Integrated Care to Optimize the Management of Sarcopaenia and Chronic Obstructive Pulmonary Disease


Austin J Pulm Respir Med 2014;1(1): 1003.

Integrated Care to Optimize the Management of Sarcopaenia and Chronic Obstructive Pulmonary Disease

Kazuyoshi Senda and Koichi Nishimura*

Department of Pulmonary Medicine, National Center for Geriatrics and Gerontology, Obu, Japan

*Corresponding author: Koichi Nishimura, National Center for Geriatrics and Gerontology, Department of Pulmonary Medicine, 35 Gengo, Morioka, Obu, Aichi, Japan

Received: January 16, 2014; Accepted: January 22, 2014; Published: January 25, 2014

In 1988, Irwin Rosenberg [1] described the degenerative, age–related loss of skeletal muscle mass, quality, and function as “sarcopaenia” from the Greek (“sarx” for flesh and “penia” for loss or “poverty of the flesh”).
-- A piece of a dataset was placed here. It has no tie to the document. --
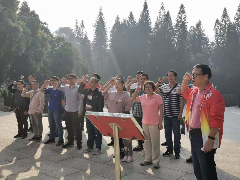 2019年11月24日上午9:00,广起集团全体党员在广州烈士陵园集合参加“不忘初心,牢记使命”主题教育活动。活动中,由新任党支部书记邝伟英带领全体党员,在烈士陵园正门大枪雕像前重温入党誓词,党员们精神抖擞,誓言铿锵有力,表现了忠党爱党的坚定决心。
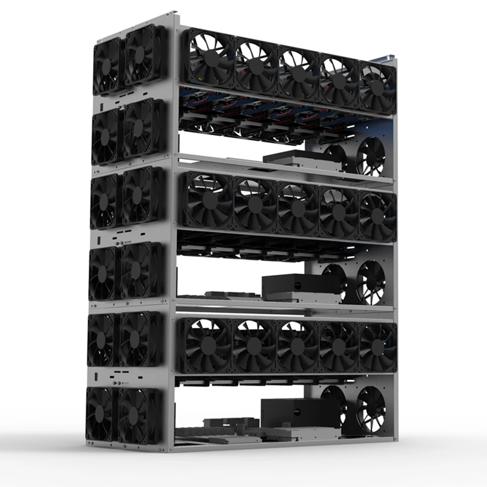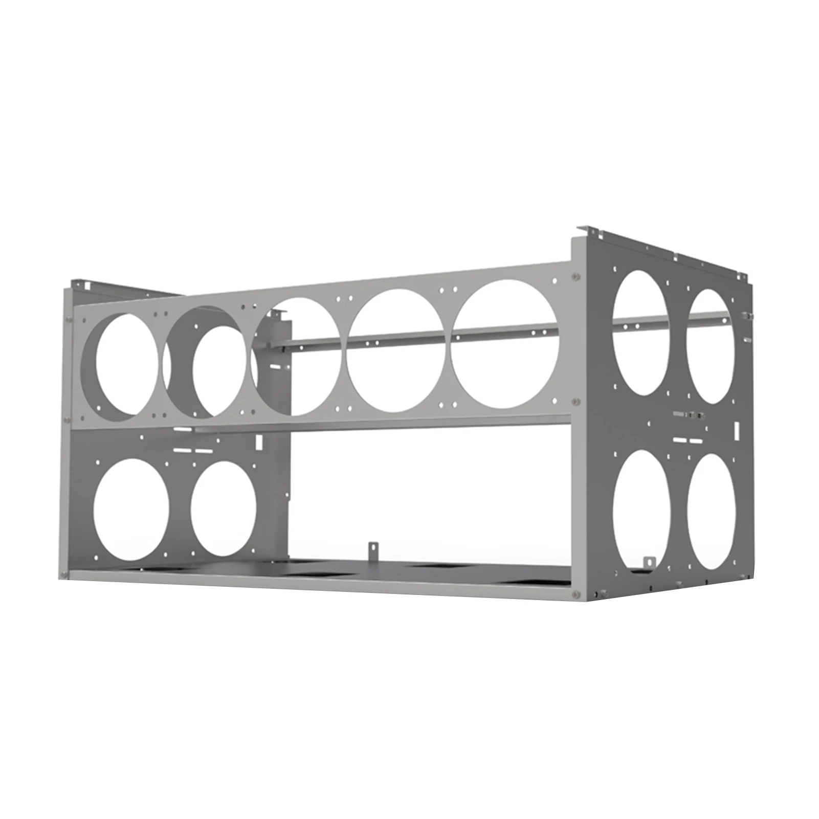 1. Этот продукт представляет собой Графический держатель для карт из листового металла с ЧПУ, который может быть сложен.2. Простота установки и прочная конструкция.Поддержка двойного источника питания.3. Разработан в соответствии со стандартными отверстиями материнских плат, видеокарт, жестких дисков и источников питания.4. Продукт является пустой полкой без вентиляторов, выключателей и ламп.5. Расстояние между 6 видеокартами 10 см, 8 графических карт 8 см, 10 видеокарт 6 см.

By providing a clear definition of this phenomenon, it leads to increased research to appropriately classify patients and examine the underlying pathology of the disease. In 1998, Richard Baumgartner defined sarcopenia as appendicular skeletal muscle mass (measured by dual–energy X ray absorption) ⁄ height2 of being less than two standard deviations below the mean of young healthy adults (analogous to the T score when measuring bone mineral density) and estimated the prevalence to be 13–24% in 60–70–year–olds and over 50% in older individuals >80 years of age [2].
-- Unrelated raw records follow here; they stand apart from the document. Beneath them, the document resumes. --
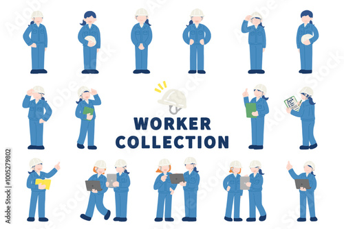 いろいろなポーズをしたヘルメット・作業服の女性[全身]のフラットなイラスト(セット)
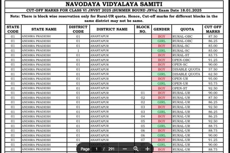 JNVST 2025 परीक्षा 18 जनवरी 2025 को आयोजित की गई थी। छात्रों को उत्तर कुंजी या कटऑफ अंक देखने और डाउनलोड करने के लिए कोई लॉगिन डिटेल दर्ज करने की जरूरत नहीं है. यह सुविधा सभी छात्रों के लिए सीधे उपलब्ध है. कैंडिडेट्स यहां दिए गए लिंक पर क्लिक करके अपने कटऑफ अंक देख सकते हैं.
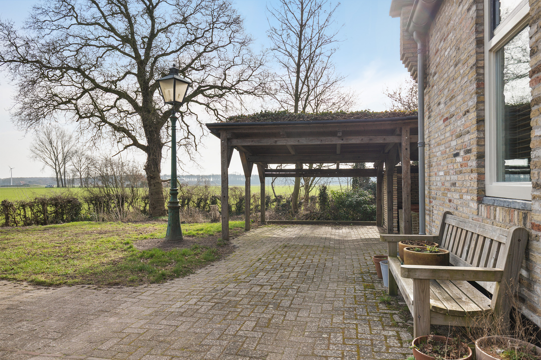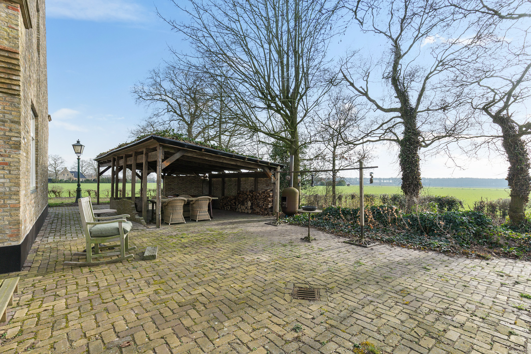 The garden is thoughtfully designed around the terp and blends harmoniously with the surrounding landscape. A long private driveway, guest parking area, carport with covered west-facing terrace, easy-to-maintain lawn, various planted borders, an orchard with traditional fruit varieties and a beautiful pond with sheltered decking terrace together create a true countryside oasis.

In 2010, the European Working Group on Sarcopenia in Older People (EWGSOP) proposed a practical clinical definition of agerelated sarcopenia as “a syndrome characterized by progressive“ and generalized loss of skeletal muscle mass and function (strength or performance) with a risk of adverse outcomes such as physical disability, poor health–related quality of life and death” [3]. The EWGSOP has emphasized that sarcopenia is a geriatric syndrome [4]. This concept promotes the identification and treatment of sarcopenia even when the exact cause of the syndrome remains unknown. The following evidence in regard to sarcopenia support the current definition as a geriatric syndrome; 1) sarcopenia is prevalent in aging populations, 2) sarcopenia is linked to multiple contributing factors including the aging process itself, genetic susceptibility, certain life habits (e.g., a sedentary lifestyle), changes in living conditions (e.g., bed rest), a number of chronic illnesses (e.g., COPD), certain drug treatments, and 3) sarcopenia is often associated with poor outcomes such as mobility disorders, disability, poor health related quality of life and mortality.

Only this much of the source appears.